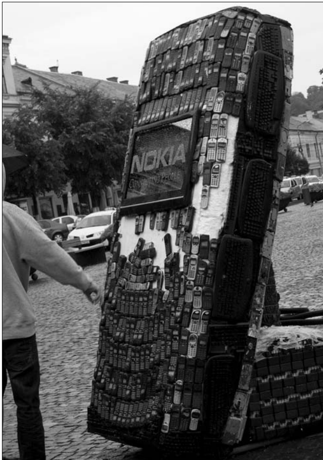
Hulladéktelefonokból és billentyűzetekből épített Nokia

A szobrok összhangban vannak a fesztivál gondolatosságával, amelyet a Városi Kultúráért Európai Alapítvány (European Foundation for Urban Culture) szervez, először a kincses városban. A képzőművészeti alkotások mellett június 17-e és 27-e között különböző országokban készült filmeket tekinthetnek meg az érdeklődők. A filmek globalizáló korunk egyik nagy kihívását emelik ki, a mindent elárasztó szemét és annak feldolgozásának problémáit.
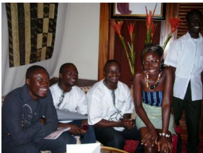
L'équipe d'organiseurs ...

### ACTIVITY
Exactly as given, transcribe every line of the data, but not its images.

### SOLUTION TO THIS EXERCISE
Hulladéktelefonokból és billentyűzetekből épített Nokia

A szobrok összhangban vannak a fesztivál gondolatosságával, amelyet a Városi Kultúráért Európai Alapítvány (European Foundation for Urban Culture) szervez, először a kincses városban. A képzőművészeti alkotások mellett június 17-e és 27-e között különböző országokban készült filmeket tekinthetnek meg az érdeklődők. A filmek globalizáló korunk egyik nagy kihívását emelik ki, a mindent elárasztó szemét és annak feldolgozásának problémáit.
L'équipe d'organiseurs ...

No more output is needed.